__MATERIAL FOR THIS EXERCISE__.
########################################
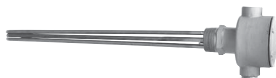
E2 — Dimensions (Inches)
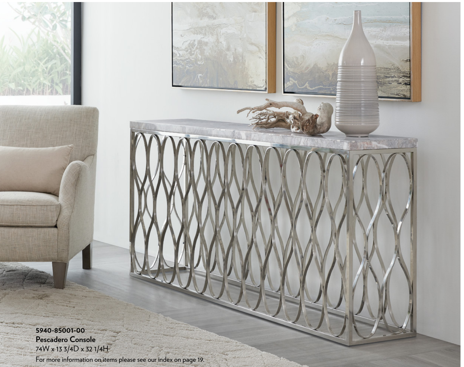
5940-85001-00 Pescadero Console 74W x 13 3/4D x 32 1/4H

For more information on items please see our index on page 19.
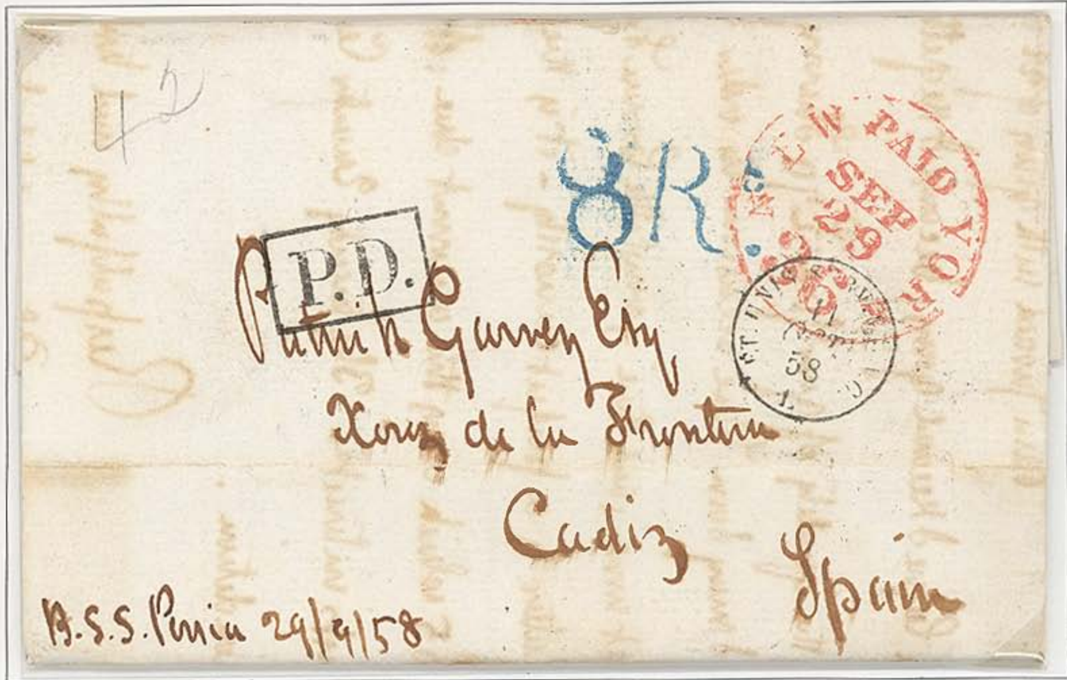
Folded Letter: New York to Jerez de la Frontera, Spain, 28 September 1858

Ship: Persia Company: British & North American Royal Mail Steam Packet Company (Cunard Line) Depart: New York, 29 September 1858 Arrive: Liverpool, 10 October 1858 Rate: 42¢ prepaid for double French Mail rate 36¢ U.S. credit to France 8 reales postage due in Jerez de la Frontera
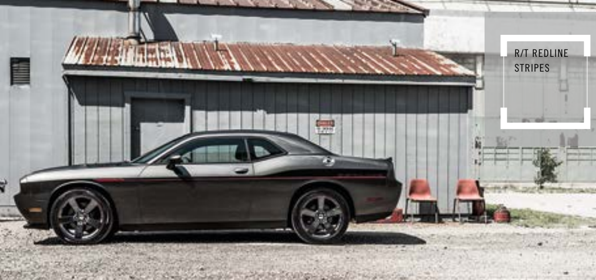
R/T REDLINE STRIPES
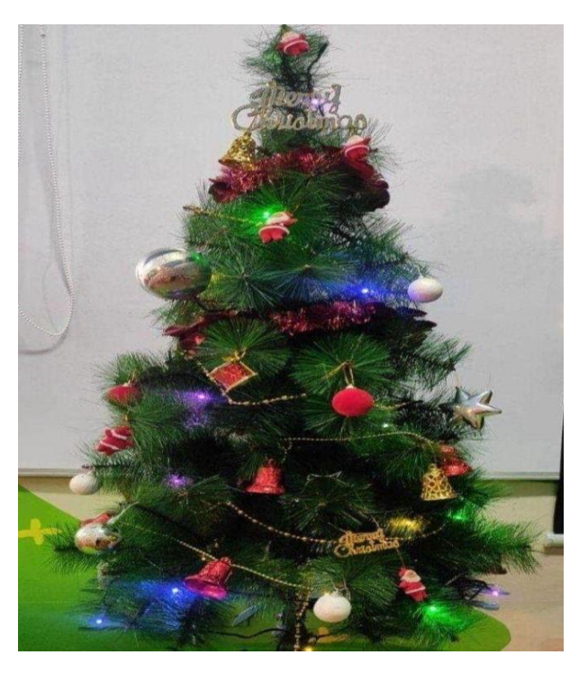
Christmas celebrations were held at the Samiksha Foundation Learning Centres.

Putting up a christmas tree brings a spirit of festivity, joy and hope. The children were engaged by our teachers to create their own little trees.
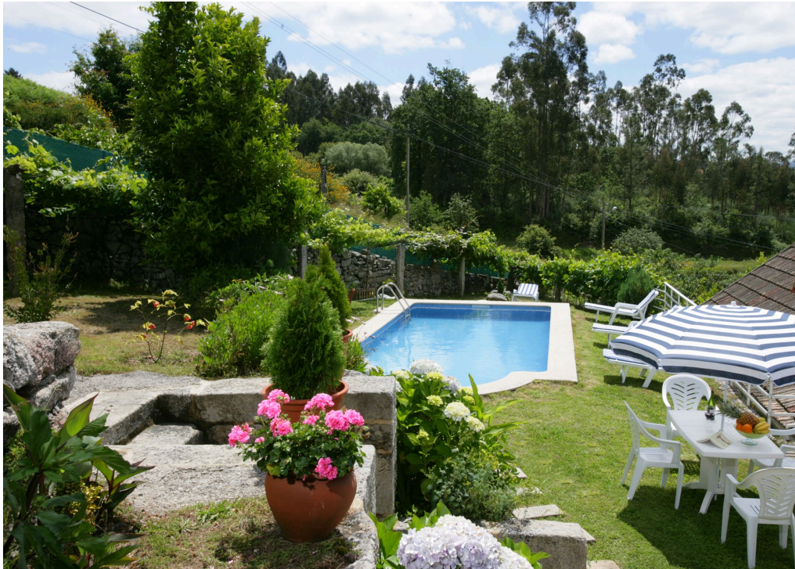
Pedriña do Barral, Mondariz-Balneario

Details Sleeps up to 13. Seven nights from £1,198 (vintagetravel.co.uk). Fly to Santiago de Compostela or Vigo
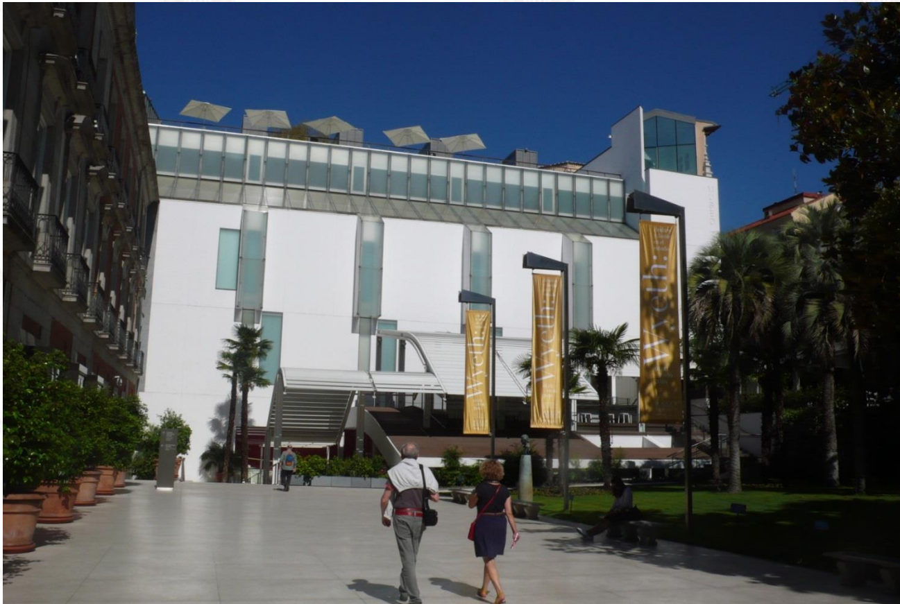
The access to the new museum (CB 2016)
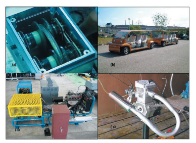
Figure 1: Research products (clockwise from top left): (a) manually-operated CVT, (b) people's mover: the Trancar , (c) two-stroke air-cooled engine, and (d) parallel-electric hybrid powerplant for automotive applications.
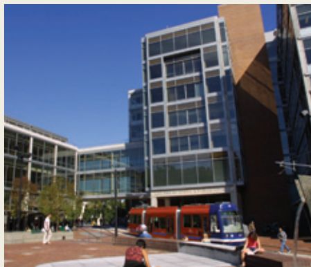
The Urban Center at Portland State University

Portland State University, Oregon's only urban university, is the largest and most diverse in the state system. The University's position in Oregon's economic and cultural center allows for deep community engagement and the creation of partnerships with hundreds of organizations throughout the region—partnerships that give PSU students valuable learning opportunities as they solve real-world problems of business and community. Portland State offers more than 100 undergraduate, master's, and doctoral degrees, as well as graduate
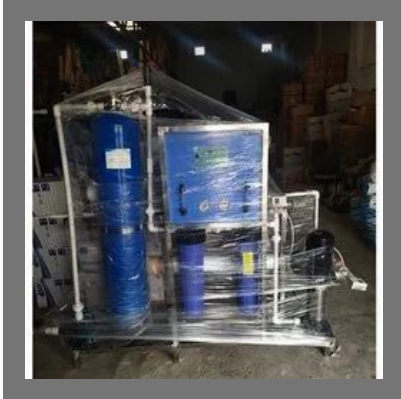
Industrial Reverse Osmosis Water System
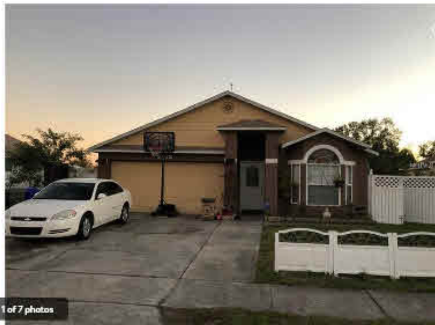
1 of 7 photos
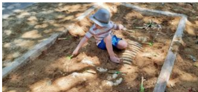
Children love the fossil dig sandpit
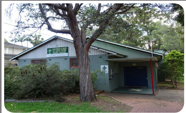
1 st East Ryde Scout Hall
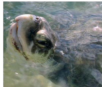
Kemp's Ridley Turtle ( Lepidochelys kempii )

Kingdom: Animalia Phylum: Chordata Class: Reptilia Order: Testudines Family: Cheloniidae Genus: Lepidochelys Species: kempii
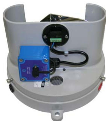
TB3 Base with optional ML1-FL

The Tipping Bucket Raingauge can be used in conjunction with Hydrological Services data logger model ML1-FL. The logger is rugged and compact, it records the date and time of occurrence of tips from the raingauge up to 100,000 events with 1 Second Resolution can be stored in the ML1-FL's memory. The data is stored in a flash EPROM.
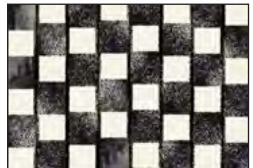
27860 Z (WHITE) CHECK 0 16542 15902 1
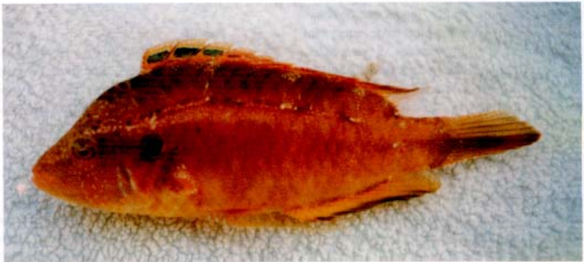
Fig. 2. - Specimen of Pteragogus pelycus , 58.1 mm SL, captured off Rhodes on 18 October 1994.
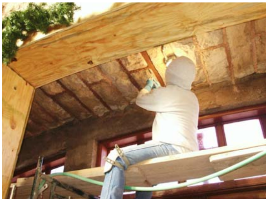
Tommy working on the entryway

Restoration crewmembers Tommy Spottedbird, Arylis Chee and Nikona Hosetosavit have been working diligently and making great progress. In early November the southwest alcove stonework restoration work was completed. That means three alcoves completed, three to go. This alcove served as a good area to instruct new trainees, as well as an easy place for our occasional volunteers to lend a hand.
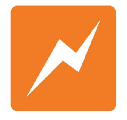
ZERO NET ENERGY

On-site photovoltaics offset 100% building operational predicted energy usage.
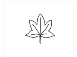
L103 palmatifid Having a leaf blade divided into several lobes which arise at or almost from the same level.
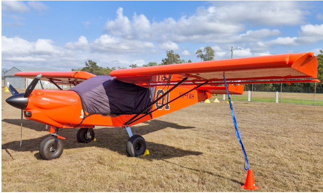
CH750 STOL Travel Cover, Light Weight Extended Canopy Cover

This cover type is made from Silver Acrylic Sunbrella canvas and is 100% lined with a soft and smooth microfiber. Bruce's Custom Covers developed this material combination especially for aircraft protection. The outer material is medium weight and treated for water resistance, UV resistance and anti-static buildup. The inner lining is a very soft and smooth microfiber to prevent scratching. The material is very reflective, and tests show that the cabin interior temperature can be reduced to near-ambient temperature on the hottest of days. It is water, ice and snow repellent, yet breathable to allow moisture to escape from between the cover and the aircraft surface.
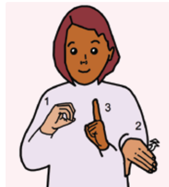
Hit the ball away from your opponent

To see short video clips on the signs and for more squash related BSL signs please view www.ndcs.org.uk/bslforsquash
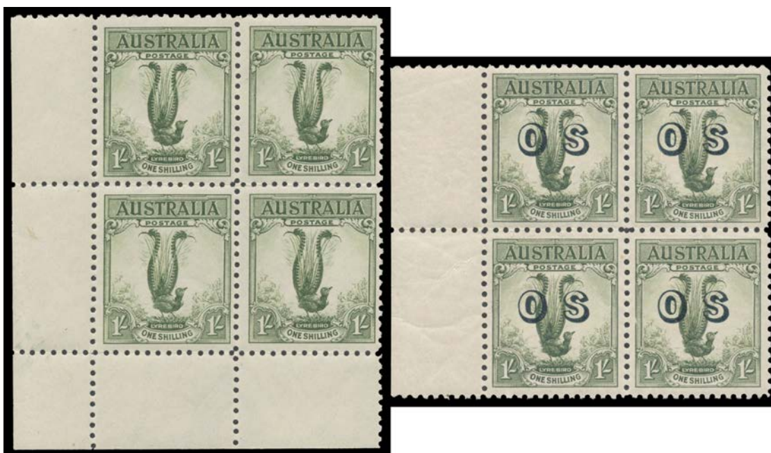
Ex Lot 438
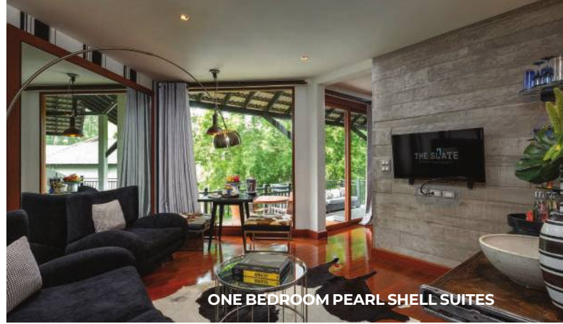
ONE BEDROOM PEARL SHELL SUITES
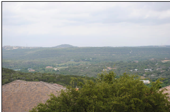
Hill Country View
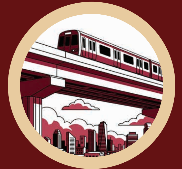
Upcoming Metro & Ring Metro connectivity
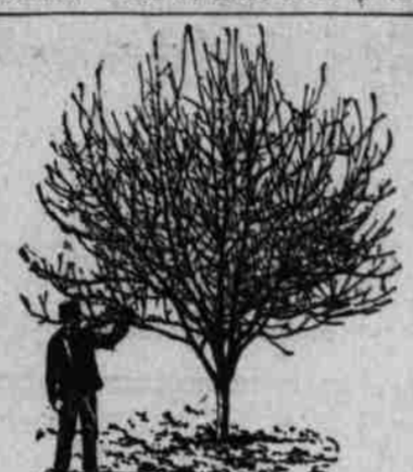
FIG. 1. WELL-CARED-FOR TREE.

Making Orchards Pay. The accompanying illustrations, engraved from photographs taken at the same distance so as to preserve the exact relative proportions of each, tell the whole story of the difference between care and neglect of a young orchard. Each of these trees is the
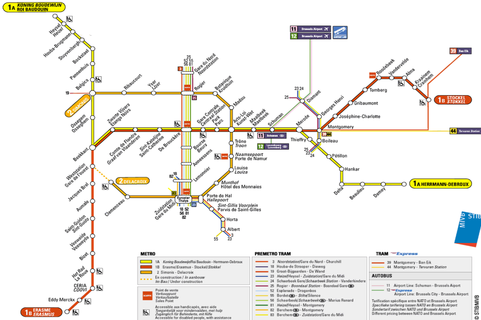
Brussels' metro system map. The Delta station is on the 1A line (yellow).
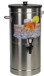
TDS-3.5, 3.5 GAL
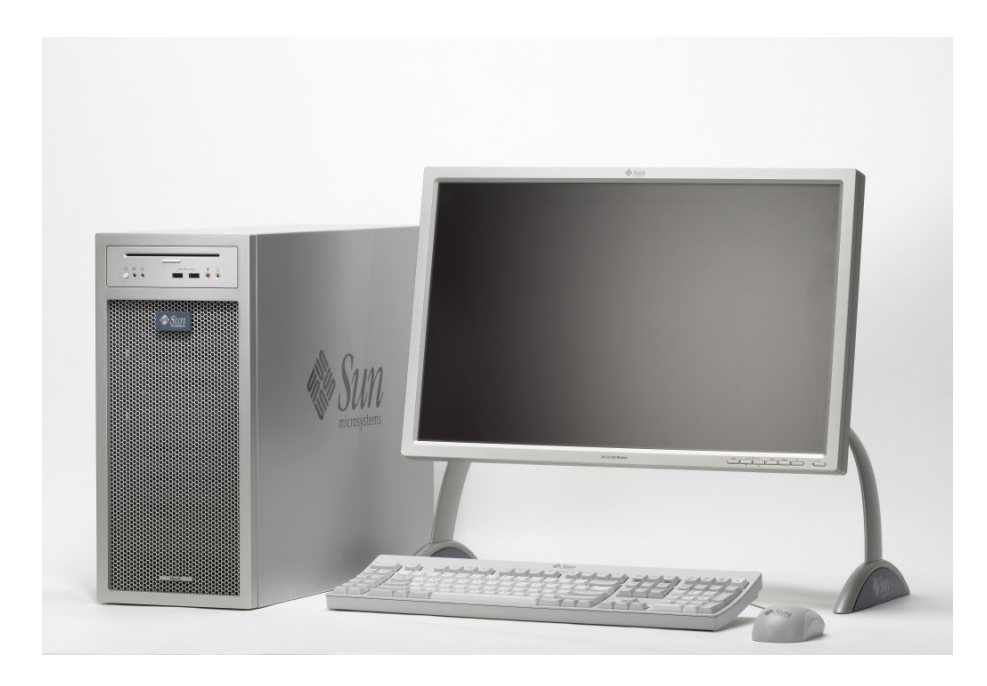
Figure 1. Sun Ultra<sup>™</sup> 25 workstation
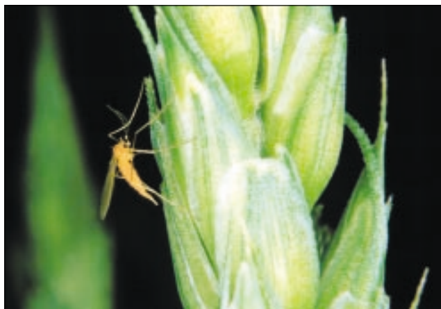
Figure 1. Side view of the wheat midge resting on wheat spikelets

The wheat midge ( Sitodiplosis mosellana ) is found in most areas around the world wherever wheat is grown (Figure 1). In recent years, significant damage to wheat crops has been reported in Alberta, Saskatchewan, Manitoba, southern British Columbia, Minnesota, North Dakota and Idaho.
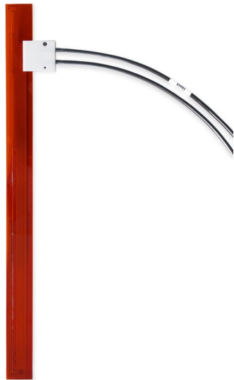
Figure 1 STP01 soil temperature profile sensor is applied in many large scale networks.

STP01 accurately measures the temperature profile of the soil at 5 depths close to its surface. It is used for scientific grade surface energy balance measurements. The sensor is buried and usually cannot be taken to the laboratory for calibration. The on-line self-test using the incorporated heating wire offers a solution to verify STP01's measurement stability.
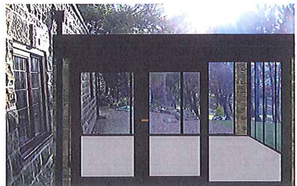
Proposed Garden Room, (4,620mm x 3,900mm), Using Photoshop Imaging - Elevation East
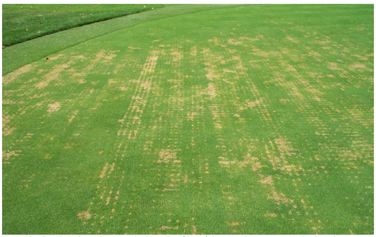
Improperly adjusted aeration equipment can lead to tearing of the turf, damage to the root system, and prolonged recovery.

ore aerating putting greens is a lot like going to the dentist. We know it is necessary a few times each year, but we hope the experience is as quick and painless as possible. Although core aeration temporarily diminishes putting quality, the shortlived pain results in a long-term gain for turf health by reducing thatch and organic matter levels, relieving soil compaction, increasing soil oxygen levels, and stimulating healthy root growth. Golfers begrudgingly understand these benefits but wonder why it sometimes takes so long for putting greens to recover. Core aerating greens will always result in some disruption, but there are steps that can be taken to help the greens recover as quickly as possible.
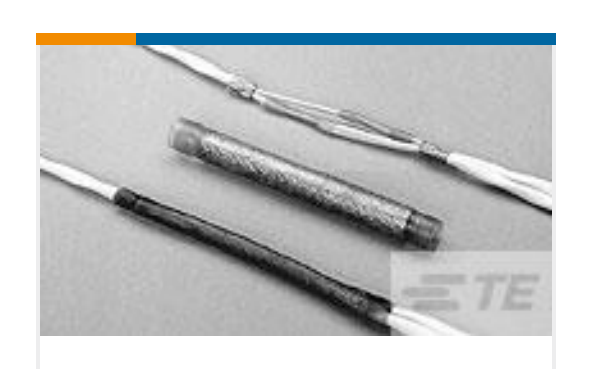
TE Model / Part #CM0967-000 D-150-0348
########################################
__EXERCISE DESCRIPTION__.
Look back at the data above, then output exactly the lines from the line holding "To see short" up to and including the line holding "FIG. 1. WELL-CARED-FOR TREE.". Leave out the pictures.

__EXERCISE RESULT__.
To see short video clips on the signs and for more squash related BSL signs please view www.ndcs.org.uk/bslforsquash
Ex Lot 438
ONE BEDROOM PEARL SHELL SUITES
Hill Country View
Upcoming Metro & Ring Metro connectivity
FIG. 1. WELL-CARED-FOR TREE.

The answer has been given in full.